Compiled over a three-year period by Ghana’s African Centre for Economic Transformation (ACET) in partnership with South Africa’s Mapungubwe Institute for Strategic Reflection (Mistra), the study urges African governments to position economic transformation ahead of growth at the centre of their economic and development policies.
Speaking at a launch in Johannesburg, lead author and ACET chief economist Dr Yaw Ansu said growth was “good” and had arisen as a result of macroeconomic reforms, better business environments and higher commodity prices.
“But economic transformation requires much more,” Ansu stressed, arguing that countries needed to diversify their production and exports, become more competitive and productive, while upgrading the technologies they employed in production processes.

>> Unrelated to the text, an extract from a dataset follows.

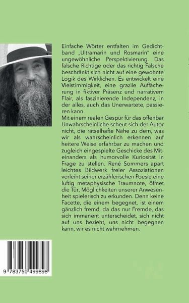 Einfache Wörter entfalten im Gedichtband "Ultramarin und Rosmarin" eine ungewöhnliche Perspektivierung. Das falsche Richtige oder das richtig Falsche beschränkt sich nicht auf eine gewohnte Logik des Wirklichen. Es entwickelt eine Vielstimmigkeit, eine grazile Auffächerung in fiktiver Präsenz und narrativem Flair, als faszinierende Independenz, in der alles, auch das Unerwartete, passieren kann. Mit einem realen Gespür für das offenbar Unwahrscheinliche scheut sich der Autor nicht, die rätselhafte Nähe zu dem, was wir als wahrscheinlich erkennen auf heitere Weise erfahrbar zu machen und zugleich eingespielte Geschicke des Miteinanders als humorvolle Kuriosität in Frage zu stellen. René Sommers apart leichtes Bildwerk freier Assoziationen verleiht seiner erzählerischen Poesie eine luftig metaphysische Traumnote, öffnet die Tür, Möglichkeiten unserer Anwesenheit spielerisch zu erkunden. Denn keine Facette, die einem begegnet, ist einem gänzlich fremd, da das nur Fremde, das sich immanent unterscheidet, sich nicht auf uns bezieht, uns nicht begegnen kann, wir es nicht wahrnehmen.

ACET president Dr KY Amoako said the transformation narrative had already been accepted by the African Union in its Vision 2063, as well as by the African Development Bank and the United Nations Economic Commission for Africa. He added that the African Transformation
Index provided policymakers with a quantitative measure for assessing their transformation performance and for guiding future strategies.
Mistra executive director Joel Netshitenzhe argued that to turn growth into an “actual lived experience” for Africa’s citizens there was the urgent need to form national social compacts between government, business and civil society to support transformation.

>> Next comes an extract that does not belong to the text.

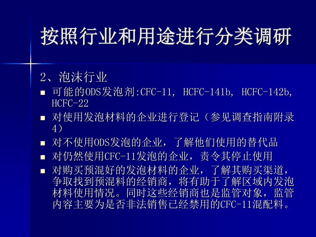 按照行业和用途进行分类调研 2、泡沫行业 • 可能的ODS发泡剂:CFC-11, HCFC-141b, HCFC-142b, HCFC-22 • 对使用发泡材料的企业进行登记(参见调查指南附录4) • 对不使用ODS发泡的企业,了解他们使用的替代品 • 对仍然使用CFC-11发泡的企业,责令其停止使用 • 对购买预混好的发泡材料的企业,了解其购买渠道,争取找到预混料的经销商,将有助于了解区域内发泡材料使用情况。同时这些经销商也是监管对象,监管内容主要为是否非法销售已经禁用的CFC-11混配料。

Finance Minister Pravin Gordhan emphasised the same point in his recent Budget address, when he highlighted the work being done to secure a social compact to reduce poverty and inequality and raise employment and investment. Gordhan stressed this could not be a “pact amongst elites, a coalition amongst stakeholders with vested interests. Nor can it be built on populist slogans or unrealistic promises”.
“Our history tells us that progress has to be built on a vision and strategy shared by leaders and the people – a vision founded on realism and evidence,” the Minister stressed.
Netshitenzhe also highlighted the report’s emphasis on coupling growth with social development. “In fact, rather than merely being a consequence of economic growth, a reduction in poverty and general human development can be part of the drivers of economic growth.”
The report highlights key transformation drivers as being:
• Fostering partnerships between governments and the private sector to facilitate entrepreneurship, investment and technology upgrading.
• Promoting exports, particularly outside of the natural resources sector.
• Building technical knowledge and skills.
• And, pushing ahead with regional integration.
Four transformation pathways are also highlighted, including labour-intensive manufacturing; kick-starting agroprocessing value chains, improving the management of oil, gas and minerals; and boosting tourism.
“It’s good that we are growing – we are no longer the hopeless continent. We can transform this hope into reality, but to do that governments must put transformation at the top of their agendas,” Ansu asserted.
He also called on African citizens to begin to demand transformation. “Ask your government, how come we are not diversifying? How come our productivity remains stuck? How come our technological levels and our exports are not growing?”